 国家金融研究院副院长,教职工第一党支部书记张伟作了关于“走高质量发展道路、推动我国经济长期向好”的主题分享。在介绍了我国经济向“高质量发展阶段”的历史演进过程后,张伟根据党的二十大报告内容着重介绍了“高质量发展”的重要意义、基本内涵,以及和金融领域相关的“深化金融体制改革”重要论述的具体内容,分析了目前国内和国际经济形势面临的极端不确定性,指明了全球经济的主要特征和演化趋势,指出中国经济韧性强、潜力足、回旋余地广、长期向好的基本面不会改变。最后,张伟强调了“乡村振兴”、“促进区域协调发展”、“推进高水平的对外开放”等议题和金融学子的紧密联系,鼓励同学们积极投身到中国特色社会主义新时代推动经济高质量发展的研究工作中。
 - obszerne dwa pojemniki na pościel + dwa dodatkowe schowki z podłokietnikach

---

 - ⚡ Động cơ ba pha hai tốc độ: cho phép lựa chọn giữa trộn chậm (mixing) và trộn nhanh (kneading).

...

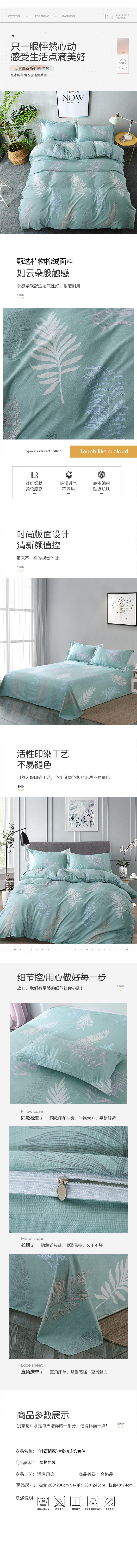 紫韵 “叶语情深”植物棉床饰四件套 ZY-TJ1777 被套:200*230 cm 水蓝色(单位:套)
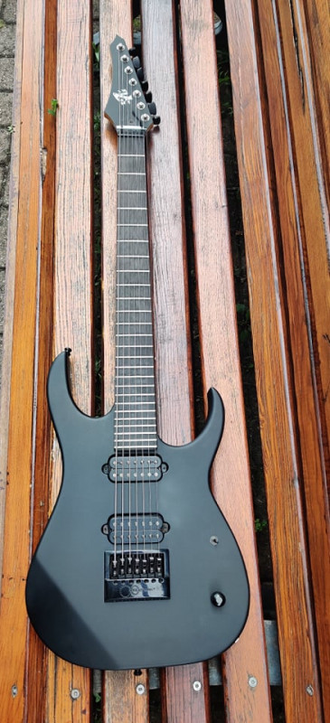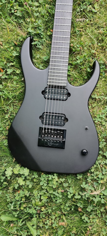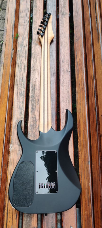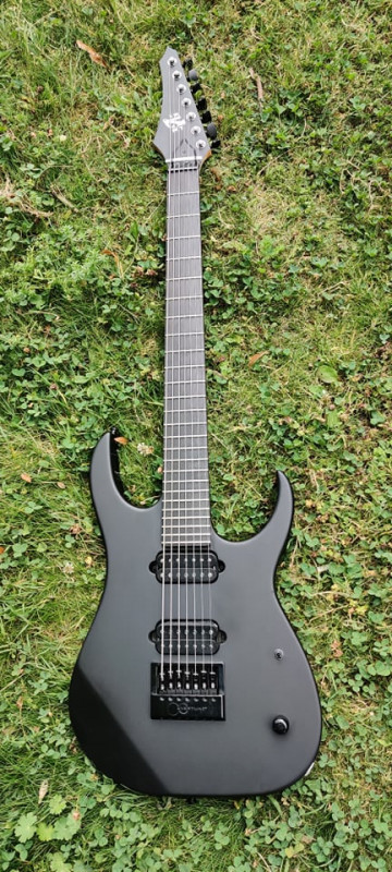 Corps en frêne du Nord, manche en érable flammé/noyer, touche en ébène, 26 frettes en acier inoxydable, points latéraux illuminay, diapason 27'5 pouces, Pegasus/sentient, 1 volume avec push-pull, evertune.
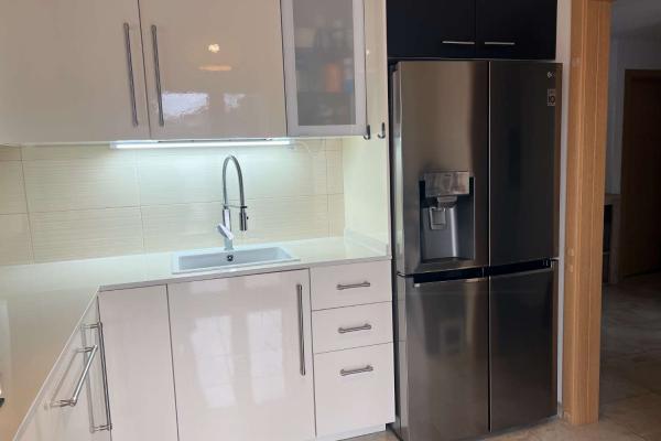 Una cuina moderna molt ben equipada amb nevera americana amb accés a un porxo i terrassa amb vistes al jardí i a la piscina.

ABOUT THIS TASK: From the material above, set down exactly the lines starting at the one with "国家金融研究院副院长,教职工" and ending at the one with "- obszerne dwa", end lines included.

TASK ANSWER:
 国家金融研究院副院长,教职工第一党支部书记张伟作了关于“走高质量发展道路、推动我国经济长期向好”的主题分享。在介绍了我国经济向“高质量发展阶段”的历史演进过程后,张伟根据党的二十大报告内容着重介绍了“高质量发展”的重要意义、基本内涵,以及和金融领域相关的“深化金融体制改革”重要论述的具体内容,分析了目前国内和国际经济形势面临的极端不确定性,指明了全球经济的主要特征和演化趋势,指出中国经济韧性强、潜力足、回旋余地广、长期向好的基本面不会改变。最后,张伟强调了“乡村振兴”、“促进区域协调发展”、“推进高水平的对外开放”等议题和金融学子的紧密联系,鼓励同学们积极投身到中国特色社会主义新时代推动经济高质量发展的研究工作中。
 - obszerne dwa pojemniki na pościel + dwa dodatkowe schowki z podłokietnikach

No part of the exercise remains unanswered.